The space we are using now used to be a dormitory for single employees of the iron factory. But it had been vacant and unused for many years, and the owner wanted to do something about it. For most people, it may not be an ideal place to live. However, some young ones saw potential in it and started to live here and fix it up on their own.

It is like a base where future creators can settle down and start working on what they really want to focus on.

— What kind of people live here besides you, Mr. Hashiguchi?


There is a female painter who works at a university as an assistant, a freelance dancer, and a nurse. And a staff member of Yume Nomad. (laugh)

Reinterpreting the Meaning of a Place

— In the ground floor of a building that used to be a pharmacy, Mr. Gai Hirose and his assistant Josh are always making “something”. What are you making?


I mainly make sculptures as a contemporary artist, though sometimes I get a request to renovate a space into a cafe, or make a movie set. Because of this, there might be a lot of people who think that I am an interior design contractor.

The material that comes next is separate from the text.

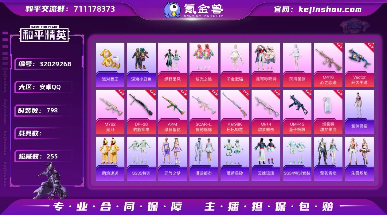 实名: 可修改 时装数: 798 枪械数: 255 热门装扮: 深海小丑鱼,鹰眼刺客,绿野柔风,激萌罗小黑,神秘黑猫,派对舞王,炫光之旅,千金淑猫,星穹咏叹调,荧海星豚 稀有枪皮: M416心之恋语,Vector环太平洋,AKM绿萝繁花,SCAR-L-锦绣绵绵,UMP45量子极限,Kar98K-巳巳如意,M762-鬼刀,MK14-甜梦熊击,烟雾弹-甜梦果泡,DP-28-豹影疾电 亮点: 【优质装备】:派对舞王(小金鞋),Mark.06(新蓝螳螂),舞王派对(派对舞王、小金鞋),暗影哥特(红眼罩),七级Vector-环太平洋,七级M416-心之恋语

The place we are using was offered to us by the owner, who had no idea what to do with it. But the property had been vacant ever since the earthquake and he wanted to make use of it somehow. He said he would leave it to me to do whatever I wanted to do, “change something about it” no matter how long it took, and he would not mind.

I hope I can make it into something that is a little different from what it used to be. I can’t really say what that is yet. (laugh) An “artist” has to think of something that will completely reset the character of a place. Otherwise new things will not be born. So I think we are in the process of getting it there.

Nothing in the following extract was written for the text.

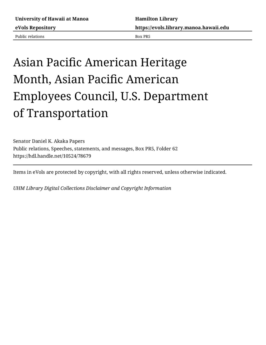Asian Pacific American Heritage Month, Asian Pacific American Employees Council, U.S. Department of Transportation, May 5, 1993, MANUSCRIPT-HCPC00010, Public relations, Speeches, statements, and messages, Box PR5, Folder 62, Senator Daniel K. Akaka Papers, Hawaiʻi Congressional Papers Collection, University of Hawaiʻi at Mānoa Library, Honolulu, HI. https://omekas-congress.lib.wvu.edu/catalog/10524_78679 (accessed April 21, 2026).

— Can you give us an example of what is a little different from before”?


For example, some residents around here may feel a little odd about an unfamiliar yellow Volkswagen parked in front of this place. I usually take my construction tools in my yellow beetle. I have a friend from the US, Josh, who works together with me. I always introduce him as “Josh, my “joshu” (‘assistant’ in Japanese)”, a play on words linking Josh and “joshu”. The truth is, he has his own work, so he is not actually my assistant. (laugh) Meanwhile, local residents are secretly talking about him. “Who are these guys?” “What are they doing?” and so on. I like to quietly stir up the norm to give them a sense of the less ordinary.

— Josh, where are you from?


I was born in Flint, Michigan, in the United States, not so far from Detroit. I moved to Japan from Michigan 10 years ago.

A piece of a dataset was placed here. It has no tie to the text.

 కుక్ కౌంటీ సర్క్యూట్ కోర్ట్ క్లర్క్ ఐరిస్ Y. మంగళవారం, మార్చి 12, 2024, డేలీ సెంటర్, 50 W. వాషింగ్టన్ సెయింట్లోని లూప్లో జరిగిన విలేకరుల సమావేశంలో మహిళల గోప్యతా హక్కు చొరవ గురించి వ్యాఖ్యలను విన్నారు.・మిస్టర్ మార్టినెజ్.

Josh is a photographer, but he knows quite a lot about so many things: tools, how to fix buildings and furniture, how to fix a roof, even pruning. Not only him, it seems that many Americans make and fix things DIY style, so they have a lot of skills. And without realizing it, we started working together. He works on his own projects like making furniture as well as helping me with my creations.


It seems that my grandfather used to live around here. My first job in Japan was as an English teacher at an elementary school near Minatogawa Station in Shinkaichi. When I went back home and talked to my grandfather about it, I found out that he had lived in the same area about 65 years ago. He lived here for about 5 or 6 years. I had lived in Osaka and Amagasaki, but now I am back in Shinkaichi. It feels like a curious twist of fate that I am living in the place where my grandfather once lived a long time ago.